# Rain Water



## Hoss#123 (Apr 13, 2020)

I have been using rain water to grow my plants. They are still young. Do I need to add anything to my rain water? If so what is recommended.


----------



## WeedHopper (Apr 13, 2020)

Not if your just watering i wouldnt.
I use rain water for my garden and my weed. My plants freaking love rain water. If you use tap water you have to let it set 24hrs to get rid of chlorine. With rain water there is no chlorine. Of course it also has to do with how and where your gathering your rain water.


----------



## WeedHopper (Apr 13, 2020)

If your trying to feed them,,then yes you need more then just rain water.
Has to do with how big they are and what stage.


----------



## AladinSane (Apr 13, 2020)

Had to have my well water tested by the state for a mortgage about 16 years ago. It came back and there's about nothing in it. It had very minute traces of a couple things.


----------



## stinkyattic (Apr 13, 2020)

Hi hoss, welcome. You need CalMag to bring it up to about 100 ppm before you even start adding fertilizer. Then you can just treat it like good tap water and mix your feed according to how old your plants are, life stage, etc.
Any reason you chose rain water over tap?


----------



## Hoss#123 (Apr 14, 2020)

stinkyattic said:


> Hi hoss, welcome. You need CalMag to bring it up to about 100 ppm before you even start adding fertilizer. Then you can just treat it like good tap water and mix your feed according to how old your plants are, life stage, etc.
> Any reason you chose rain water over tap?

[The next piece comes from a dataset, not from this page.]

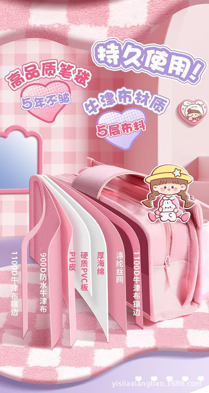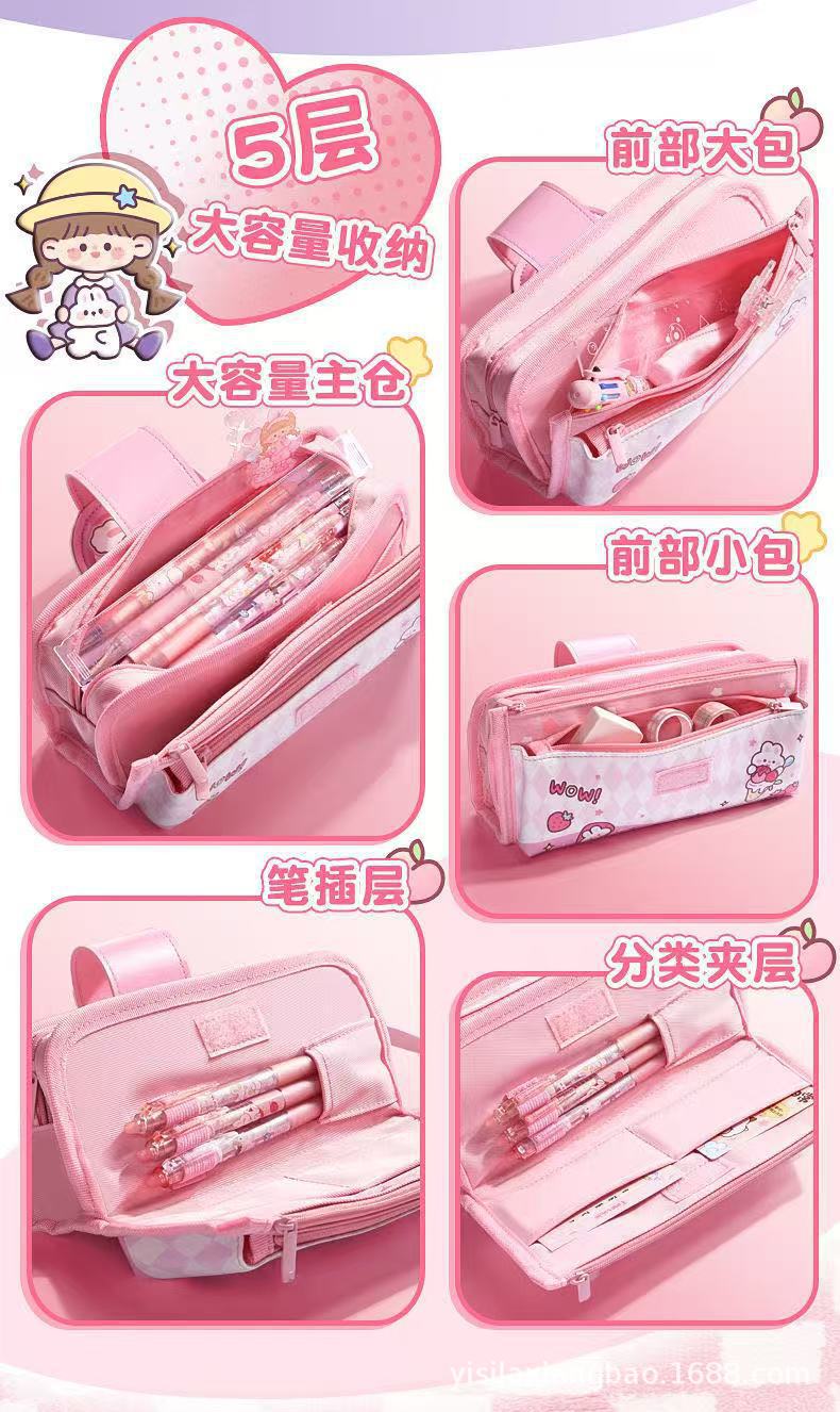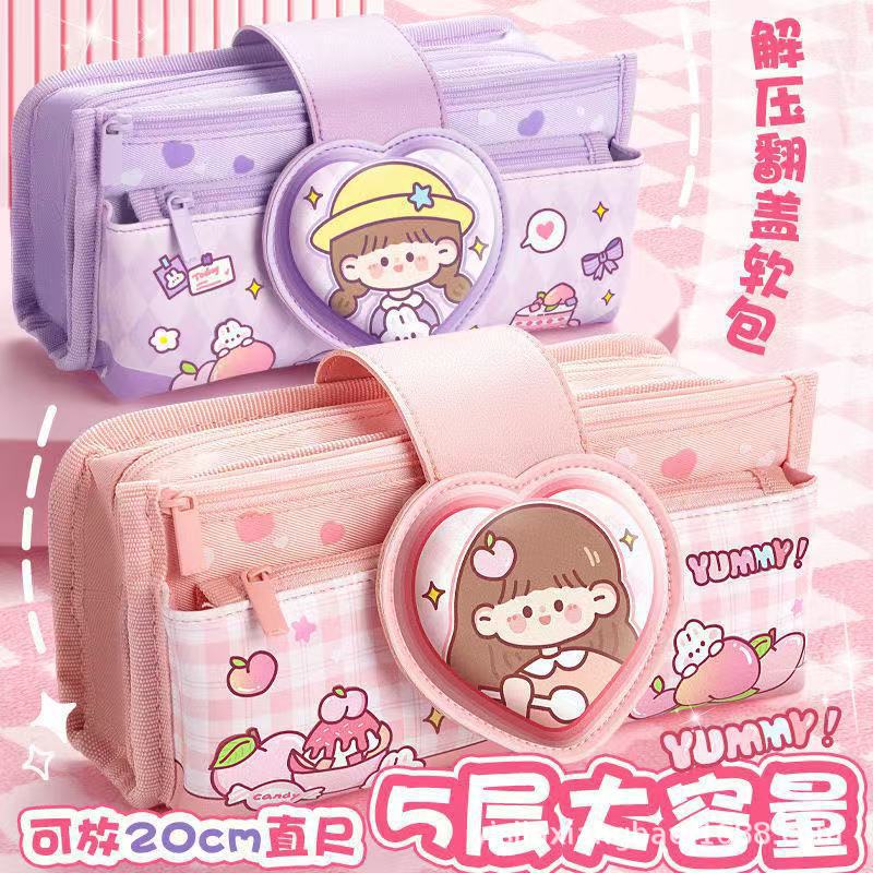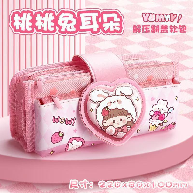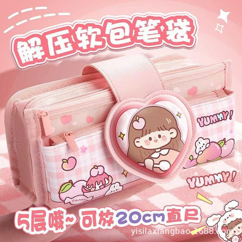 咔巴熊大容量笔袋女小学生文具盒多层解压女生女孩款高颜值多功能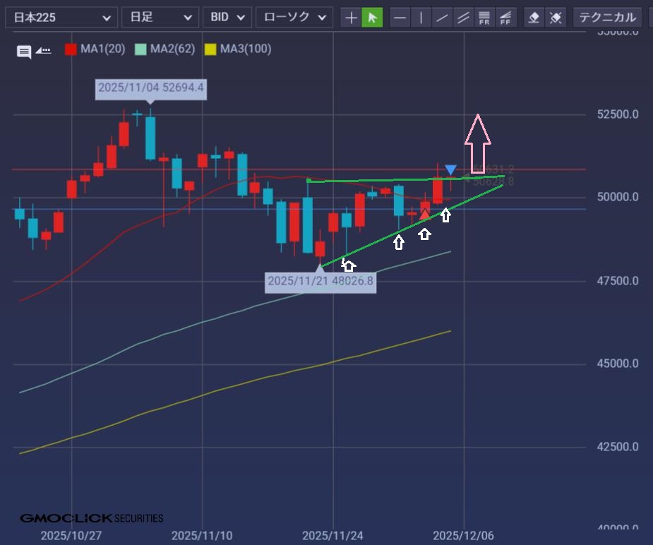 フラッグブレイク夜明け前。下値徐々に切り上げで既に20日線上に浮上中。

I figured rain water was the best. Our tap wat


stinkyattic said:


> Hi hoss, welcome. You need CalMag to bring it up to about 100 ppm before you even start adding fertilizer. Then you can just treat it like good tap water and mix your feed according to how old your plants are, life stage, etc.
> Any reason you chose rain water over tap?


No particular reason , just thought you couldn't get much better. My plants are about a foot tall, again I am a rookie, first time. Looking for any advise


----------



## WeedHopper (Apr 14, 2020)

Ive used rain water for years on my plants and they love it. I have rain barrels just for that. If im out of rain water i fill up 5gallon buckets with tap water and let them set for at least 24hrs. Now if i lived in Houston or near that kinda of smog i might not use the rain water.


----------



## stinkyattic (Apr 14, 2020)

Most tap water is fine right out of the faucet. Good resources if you don't have test equipment are the town DPW and aquarium stores, or if you have a hydro shop they can probably help a lot too. What you're looking for is what the "hardness" is. Usually it's 50-150 ppm CaCO3 equivalent (= if the hardness comes from limestone, how much limestone per liter, basically). This is both mineral content and buffering ability against pH drop when exposed to acids. 
If your water is very hard (over 150) you can dilute it with rainwater. If its very soft (under about 80) you need calmag. 
Look at the DPW water report or ask the aquarium store how much residual chlorine is in it. Plants can take a lot more than fish,  so if it's safe for fish it's safe for plants.
Most of the time, tap water is fine. I've only seen problems in big urban distribution systems, or oceanside areas where the drinking water is a little brackish. How does it taste? Do you drink it out of the tap and go ahhh or ewwww? 
A TDS/ ec meter is a useful tool for your garden. Until you get one, use your other resources to decide where to get your water.
Good luck!


----------



## docfishwrinkle (Apr 17, 2020)

Man I get jealous of people with good tap water.  mine is around 700 ppm on average and this time of year it spikes to almost 900


----------



## WeedHopper (Apr 17, 2020)

Nothing like the water mother nature uses. My grass loves it thats for dang sure. I have to mow twice a week.


----------



## stinkyattic (Apr 17, 2020)

docfishwrinkle said:


> Man I get jealous of people with good tap water.  mine is around 700 ppm on average and this time of year it spikes to almost 900


Doc that is INSANE! HOLY FISH!
Are you a brackish water fish or did you have to take baths in RO water?  your avatar kills me lol


----------



## docfishwrinkle (Apr 18, 2020)

s.e/mid mich, surrounded by so many inland lakes it's not funny.  well my avi is a gobi, so...
i'm not complaining of living by all these lakes as it's fun to try and experience all of them.  weird growing up on all the inland lakes and the great ones too, that i can't move from this place


----------